To reproduce all results, 30 simulations (with different random seeds) must be run for each of the configurations in the configurations folder on each of the scenarios in the scenarios folder. This would produce the 12390 raw result files (30596) which have been used in the experimental evaluation of the paper.

Furthermore, each simulation takes around 5 min. to complete, and requires a hefty amount of available RAM memory (meaning that running simulations in parallel is a bad idea). Thus, the results folder in this repository includes the 750 (30 runs * 5 maps * 5 algorithms) result files used to produce the graphs shown in the paper. We intentionally left out the other results (used to pick the best p value for DSA and the best damping value for BMS) due to space limitations.

These raw result files contain per-iteration metrics for each run, which is a large amount of information. Being text files, they can be processed using any scripting or analysis tools.
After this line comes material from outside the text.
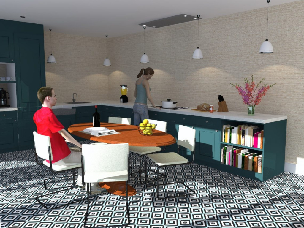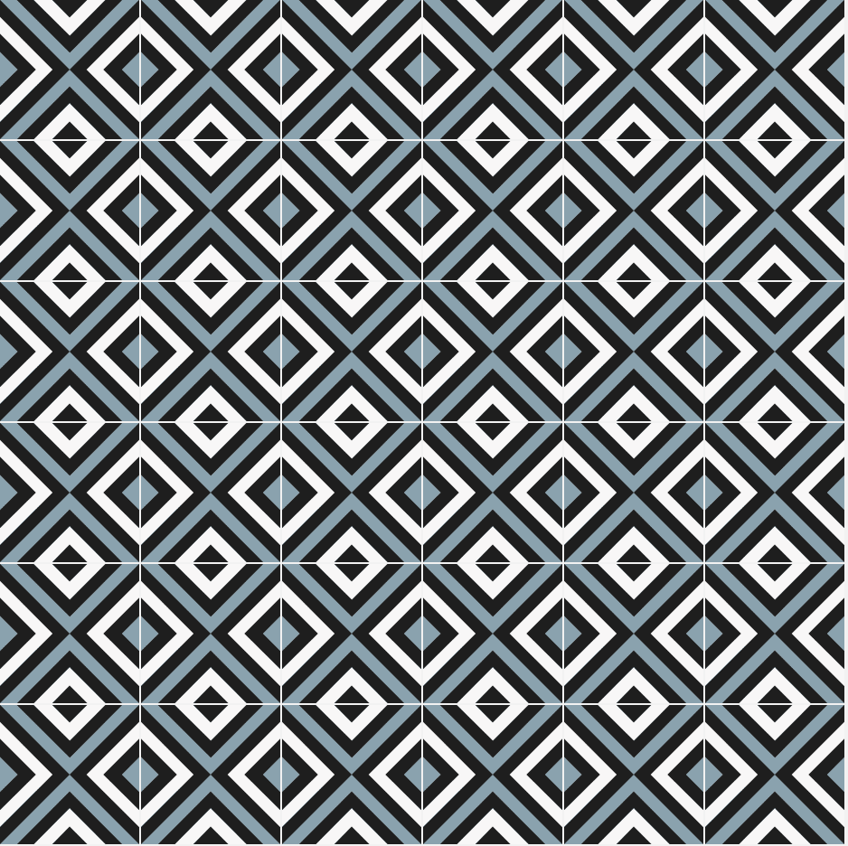 We hebben wat met de kleuren zitten puzzelen, en waarachtig, we hebben eindelijk een definitieve keuze gemaakt. Het wordt een gedurfd en zwaar patroon. Modern, maar het gaat vast en zeker ook lijken alsof de tegel er al 100 jaar ligt. Precies wat we willen. Het plaatje hieronder komt uit de Popham computer. De schoonheid van de echte tegel is er niet goed aan af te zien. De echte kleuren zijn straks alsof ze met schoolkrijt getekend zijn, een beetje “wazig”, aquarel-achtig

In our case, we developed a few python scripts to exctract aggregated metrics and plot them.

Scripts

The scripts we used can be found in the scripts folder. Python 2.6 or newer is required, as well as the following python libraries:

  • numpy for numeric matrix manipulation.
  • scipy for statistical computations.
  • matplotlib to produce plot figures.

The scripts used to produce the aggregated results include:

  • parser.py which are helper functions to parse the raw files and turn them into per-run aggregated results. Because parsing each problem takes a significant amount of time, these aggregated results are then cached using pickle to the all.cache file (within the same folder where the results are stored).
  • metrics.py is the script that aggregates metrics of multiple runs, possibly grouped by algorithm and particular configuration settings. The script is customized to group by the settings and algorithms presented in the paper, but can be adapted for any other groupings required. The aggregated results are then printed on screen, and also exported as a pickle object in the results.p file (in the scripts folder) for further processing (plotting).
  • plots.ipynb is an IPython notebook used to plot the results (loaded from the results.p file) to pdf figures using matplotlib. To execute it, you must first start ipython notebook (just run ipython notebook within the scripts folder) and a browser window will open that allows you to play with the plotting settings. The resulting graphs will be stored in the scripts/graphs folder.